**Problem description**.
Would you copy every record exactly as it stands and drop the pictures?

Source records
BEGIN

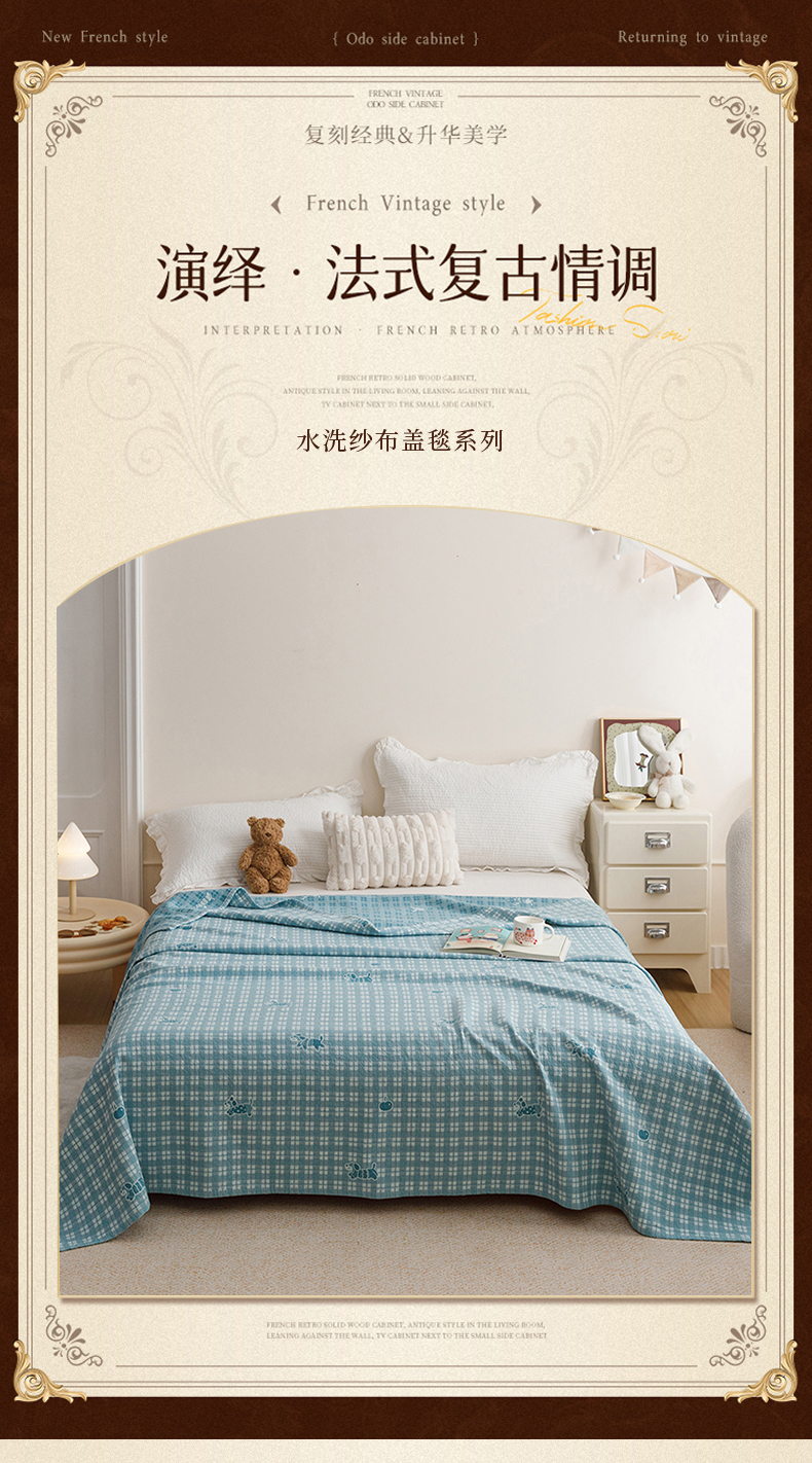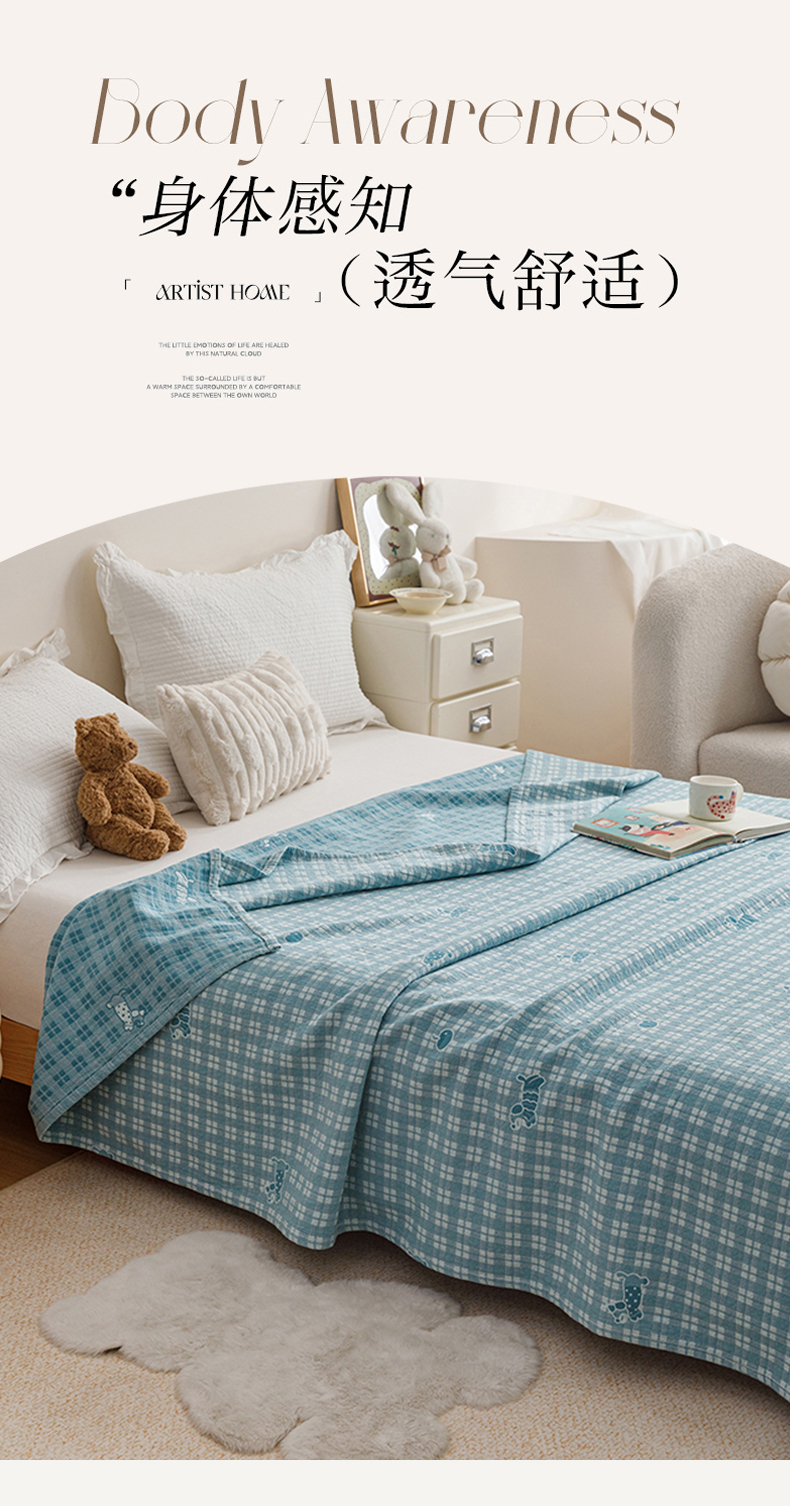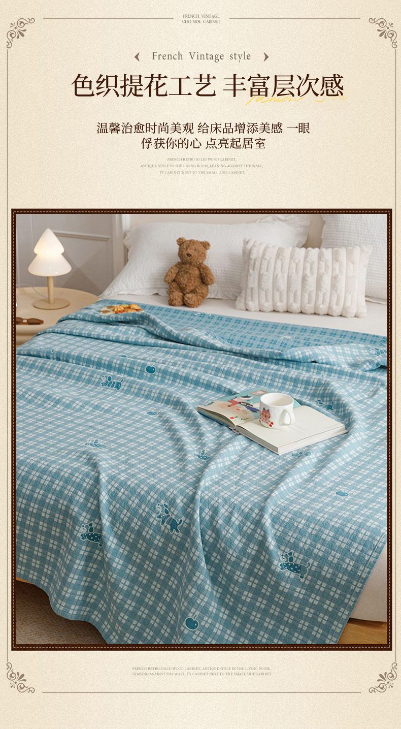 (总)悦然毛巾被 2026新款色织水洗棉盖毯安心棉床盖全棉纱布毛巾被夏被夏凉被空调被,组合图仅供展示不可下单,蓝格萌马,蓝格小狗,蓝格心语,蓝格星芒,蓝格熊语
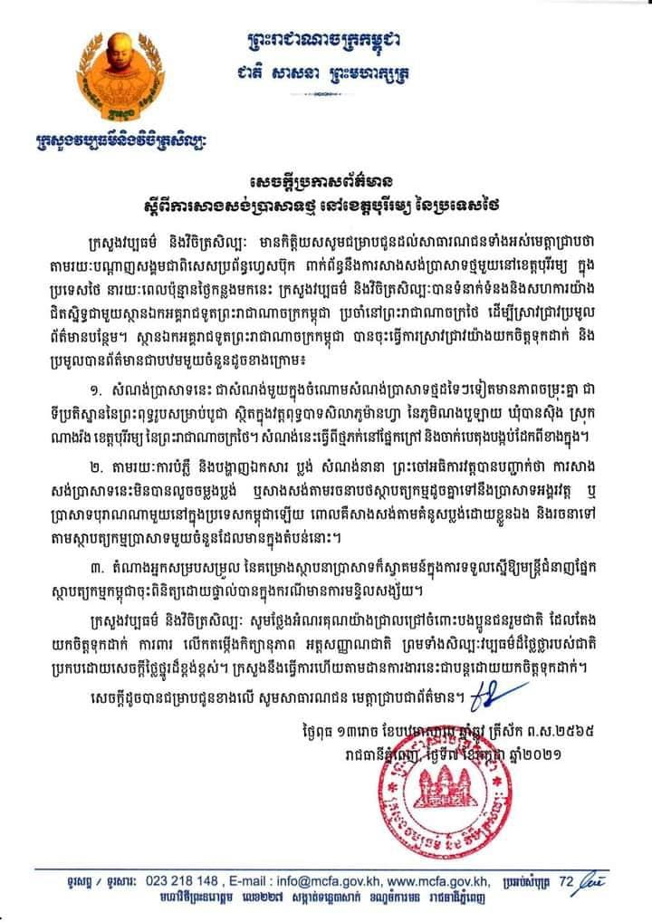 ក្រសួងវប្បធម៌ ចេញសេចក្តីប្រកាសព័ត៌មាន ស្តីពីការសាងសង់ប្រាសាទថ្ម នៅប្រទេសថៃ ដោយភាគីព្រះចៅអធិការវត្ត នៅប្រទេសថៃ បញ្ជាក់ថាមិនបានលួចចម្លងប្លង់ប្រាសាទនៅកម្ពុជាទេ គឺសង់តាមគំនូសប្លង់ដោយខ្លួនឯង
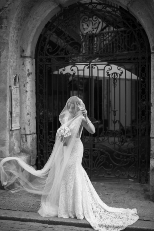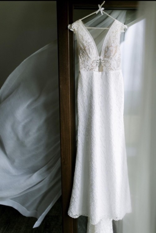 Suknia podkreśla figurę, ładnie eksponuje plecy z podpinanym trenem. Suknia wykonana z bardzo wysokiej jakości koronki, idealnie się układa oraz nie gniecie się.
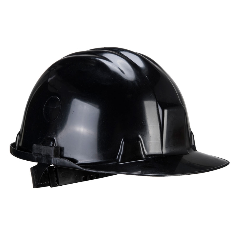 - Jest to nasz podstawowy przemysłowy hełm ochronny wykonany z bardzo mocnego polietylenu i posiadający sześciopunktową więźbę. Możliwość regulacji obwodu w zakresie od 54 cm do 62 cm. Posiada napotnik i standardowe otwory na akcesoria.
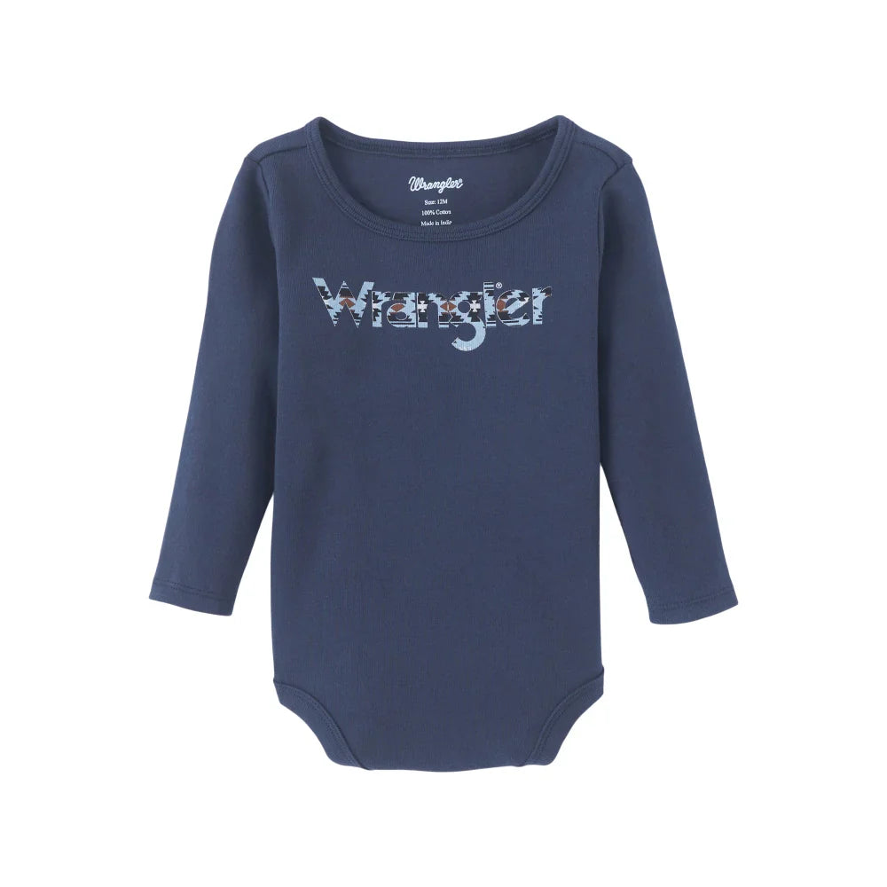 Navy blue long sleeve infant onesie with a Wrangler logo on the front in aztec print. 100% Cotton
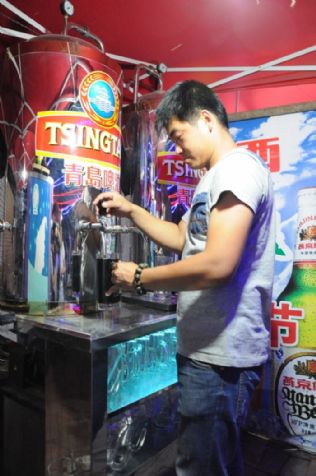 风车边的“啤酒节”提供的啤酒有两种,燕京啤酒和青岛啤酒,燕京啤酒5元一瓶;青岛啤酒又分“红扎”“黄扎”和“黑扎”,价位都是10元一大杯,50元一炮(3L)。
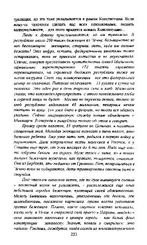 Люди к Аушеву прислушиваются, но им тревожно. В республике около 200 тысяч беженцев из Чечни, большинство из них беспомощны- женщины, старики, дети, куда им дальше бежать? Эта цифра, кстати, федеральными властями тоже оспаривалась, пока не приехала комиссия и не пересчитала. Сейчас, говорит председатель правительства Ахмед Мальсагов, официально зарегестрировано 172 тысячи « временно перемещенных », на скромный бюджет республики тоже не малая нагрузка. Свет, газ, коммуникации- все это федеральный центр не оплачивал. Питание оплачивает- 15 рублей в сутки на человека. Это один раз в день тарелка супа и хлеб. Мальсагов сказал, что вынужден предупредить: с этого понедельника хлеба и горячей пищи не будет Москва не перевела деньги, только за хлеб республика задолжала 40 миллионов, пекарням нечем платить за муку. Так уже было в феврале, но тогда все удалось уладить. Сейчас миграционную службу хотят объединить с Миннацем. В очереди к пищеблоку только об этом и говорят.
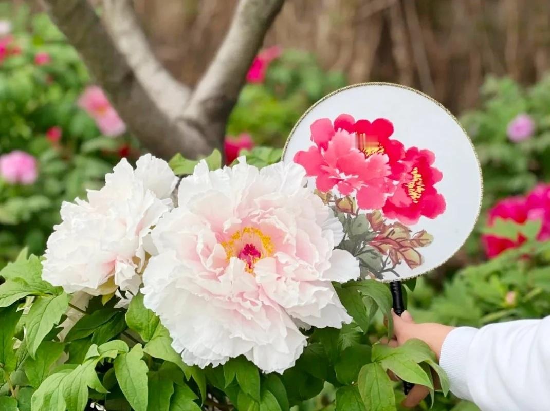 2株牡丹珍品同时绽放¹ 去赏牡丹可以带个卷尺,因为很多牡丹花又大又圆!可以量量花

END

**Exercise result**.
 (总)悦然毛巾被 2026新款色织水洗棉盖毯安心棉床盖全棉纱布毛巾被夏被夏凉被空调被,组合图仅供展示不可下单,蓝格萌马,蓝格小狗,蓝格心语,蓝格星芒,蓝格熊语
 ក្រសួងវប្បធម៌ ចេញសេចក្តីប្រកាសព័ត៌មាន ស្តីពីការសាងសង់ប្រាសាទថ្ម នៅប្រទេសថៃ ដោយភាគីព្រះចៅអធិការវត្ត នៅប្រទេសថៃ បញ្ជាក់ថាមិនបានលួចចម្លងប្លង់ប្រាសាទនៅកម្ពុជាទេ គឺសង់តាមគំនូសប្លង់ដោយខ្លួនឯង
 Suknia podkreśla figurę, ładnie eksponuje plecy z podpinanym trenem. Suknia wykonana z bardzo wysokiej jakości koronki, idealnie się układa oraz nie gniecie się.
 - Jest to nasz podstawowy przemysłowy hełm ochronny wykonany z bardzo mocnego polietylenu i posiadający sześciopunktową więźbę. Możliwość regulacji obwodu w zakresie od 54 cm do 62 cm. Posiada napotnik i standardowe otwory na akcesoria.
 Navy blue long sleeve infant onesie with a Wrangler logo on the front in aztec print. 100% Cotton
 风车边的“啤酒节”提供的啤酒有两种,燕京啤酒和青岛啤酒,燕京啤酒5元一瓶;青岛啤酒又分“红扎”“黄扎”和“黑扎”,价位都是10元一大杯,50元一炮(3L)。
 Люди к Аушеву прислушиваются, но им тревожно. В республике около 200 тысяч беженцев из Чечни, большинство из них беспомощны- женщины, старики, дети, куда им дальше бежать? Эта цифра, кстати, федеральными властями тоже оспаривалась, пока не приехала комиссия и не пересчитала. Сейчас, говорит председатель правительства Ахмед Мальсагов, официально зарегестрировано 172 тысячи « временно перемещенных », на скромный бюджет республики тоже не малая нагрузка. Свет, газ, коммуникации- все это федеральный центр не оплачивал. Питание оплачивает- 15 рублей в сутки на человека. Это один раз в день тарелка супа и хлеб. Мальсагов сказал, что вынужден предупредить: с этого понедельника хлеба и горячей пищи не будет Москва не перевела деньги, только за хлеб республика задолжала 40 миллионов, пекарням нечем платить за муку. Так уже было в феврале, но тогда все удалось уладить. Сейчас миграционную службу хотят объединить с Миннацем. В очереди к пищеблоку только об этом и говорят.
 2株牡丹珍品同时绽放¹ 去赏牡丹可以带个卷尺,因为很多牡丹花又大又圆!可以量量花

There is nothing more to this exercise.